WHAT THE EXERCISE ASKS> Your output should be everything below from the line containing "- その後、ユーザー登録とし" down to the line containing "Kerala University Application PDF", both ends included, copied exactly, with pictures left out.
---------- GIVEN RECORDS
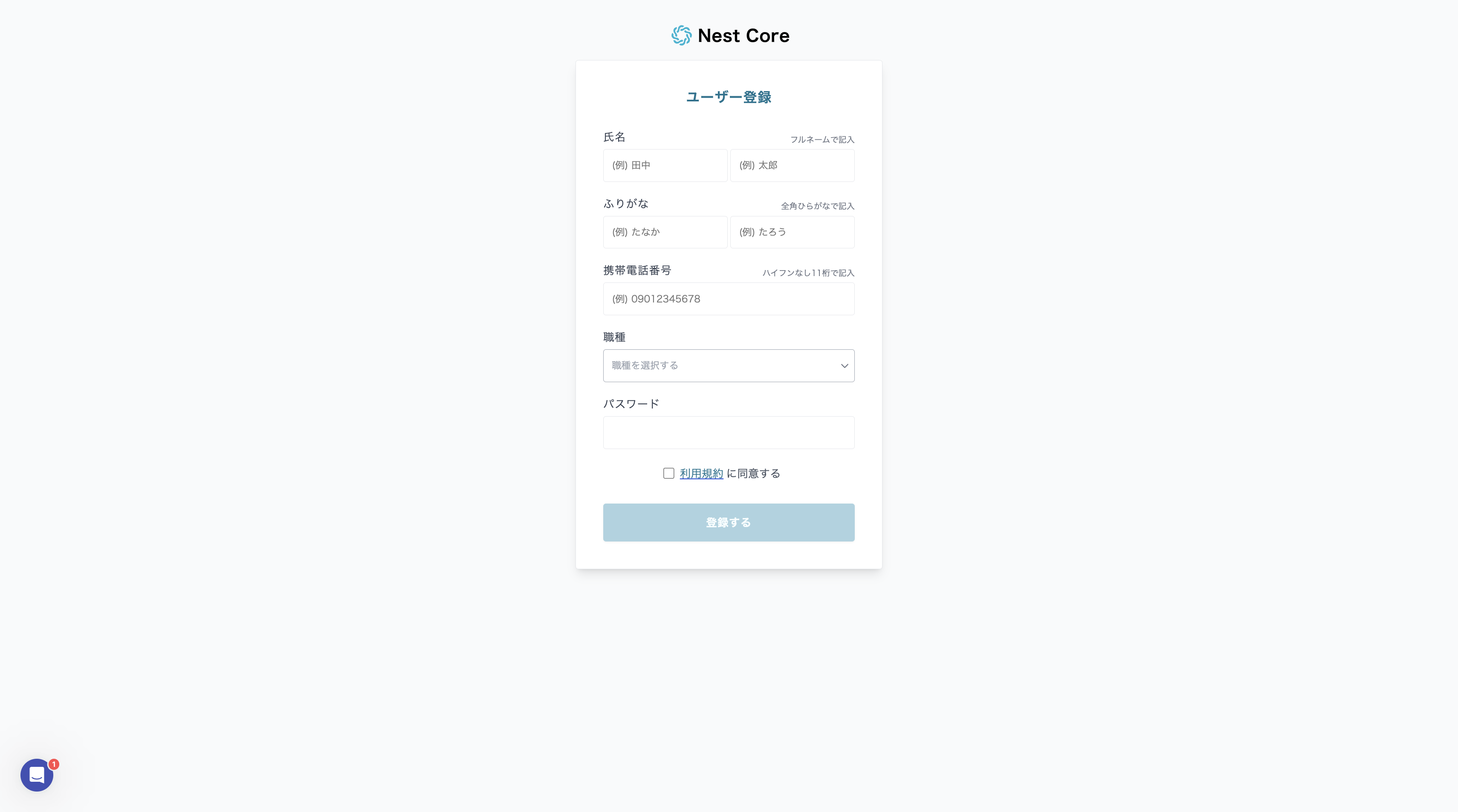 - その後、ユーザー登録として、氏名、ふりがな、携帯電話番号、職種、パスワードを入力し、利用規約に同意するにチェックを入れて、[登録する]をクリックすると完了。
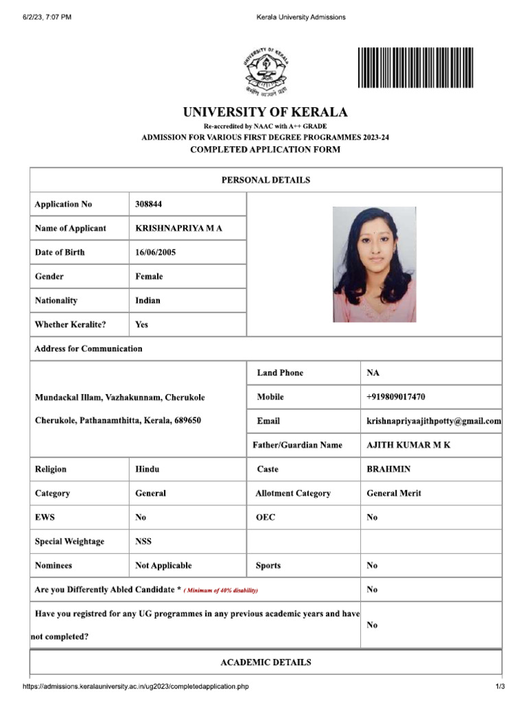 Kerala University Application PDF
--------------------
---------- GIVEN RECORDS
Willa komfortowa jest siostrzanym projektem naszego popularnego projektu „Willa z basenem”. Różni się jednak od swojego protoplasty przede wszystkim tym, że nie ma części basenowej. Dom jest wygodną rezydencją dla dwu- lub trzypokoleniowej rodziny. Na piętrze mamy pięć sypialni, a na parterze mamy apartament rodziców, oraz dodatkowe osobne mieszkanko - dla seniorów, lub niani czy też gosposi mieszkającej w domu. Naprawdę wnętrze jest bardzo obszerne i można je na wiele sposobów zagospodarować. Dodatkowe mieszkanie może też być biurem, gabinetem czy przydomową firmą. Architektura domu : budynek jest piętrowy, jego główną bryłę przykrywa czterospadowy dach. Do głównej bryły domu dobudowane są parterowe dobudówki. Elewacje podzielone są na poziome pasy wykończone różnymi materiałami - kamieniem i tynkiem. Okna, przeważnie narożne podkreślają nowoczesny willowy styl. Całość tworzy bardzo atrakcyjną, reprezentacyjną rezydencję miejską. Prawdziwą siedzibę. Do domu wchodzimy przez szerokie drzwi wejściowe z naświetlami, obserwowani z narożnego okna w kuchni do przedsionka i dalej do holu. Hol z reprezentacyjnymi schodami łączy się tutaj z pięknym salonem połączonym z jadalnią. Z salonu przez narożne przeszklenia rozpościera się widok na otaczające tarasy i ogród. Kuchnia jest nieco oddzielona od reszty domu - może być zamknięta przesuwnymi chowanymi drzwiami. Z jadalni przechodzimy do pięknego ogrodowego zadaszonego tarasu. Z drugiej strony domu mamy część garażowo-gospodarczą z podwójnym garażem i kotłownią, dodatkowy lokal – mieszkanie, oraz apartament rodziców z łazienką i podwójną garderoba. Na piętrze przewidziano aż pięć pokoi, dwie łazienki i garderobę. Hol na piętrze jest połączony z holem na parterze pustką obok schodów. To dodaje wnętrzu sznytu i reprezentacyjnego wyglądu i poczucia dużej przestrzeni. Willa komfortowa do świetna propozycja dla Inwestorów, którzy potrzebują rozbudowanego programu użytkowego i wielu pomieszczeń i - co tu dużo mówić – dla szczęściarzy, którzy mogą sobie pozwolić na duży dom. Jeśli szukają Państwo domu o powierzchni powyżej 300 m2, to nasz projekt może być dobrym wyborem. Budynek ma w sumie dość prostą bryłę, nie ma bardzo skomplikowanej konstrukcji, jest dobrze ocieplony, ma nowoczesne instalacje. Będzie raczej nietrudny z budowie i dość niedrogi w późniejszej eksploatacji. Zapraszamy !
--------------------
---------- GIVEN RECORDS
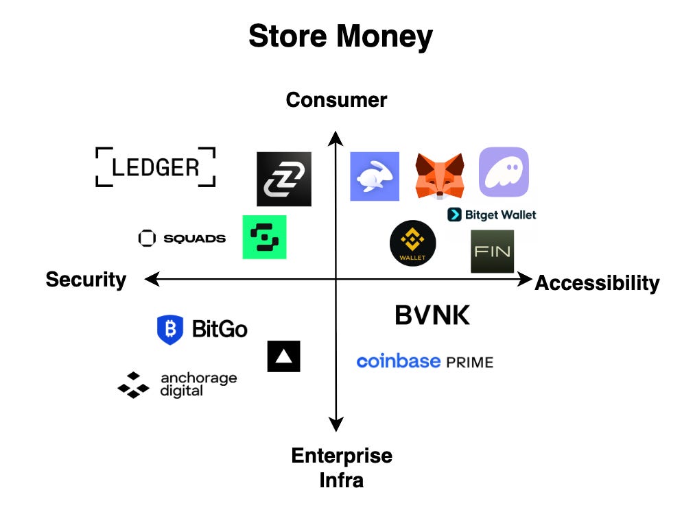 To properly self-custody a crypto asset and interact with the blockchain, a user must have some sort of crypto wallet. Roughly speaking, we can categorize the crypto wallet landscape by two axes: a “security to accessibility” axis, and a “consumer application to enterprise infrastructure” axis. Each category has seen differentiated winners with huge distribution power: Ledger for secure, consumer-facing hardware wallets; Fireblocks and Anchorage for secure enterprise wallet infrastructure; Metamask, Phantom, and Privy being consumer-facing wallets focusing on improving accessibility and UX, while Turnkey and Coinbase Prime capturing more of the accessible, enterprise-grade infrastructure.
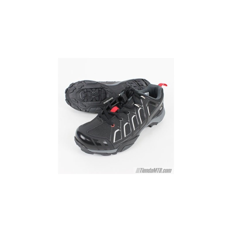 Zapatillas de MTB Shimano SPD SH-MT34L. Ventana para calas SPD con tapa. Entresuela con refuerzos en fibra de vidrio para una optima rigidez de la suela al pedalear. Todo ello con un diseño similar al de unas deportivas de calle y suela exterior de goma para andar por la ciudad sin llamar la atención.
--------------------
ANSWER TO THE PROBLEM>
 - その後、ユーザー登録として、氏名、ふりがな、携帯電話番号、職種、パスワードを入力し、利用規約に同意するにチェックを入れて、[登録する]をクリックすると完了。
 Kerala University Application PDF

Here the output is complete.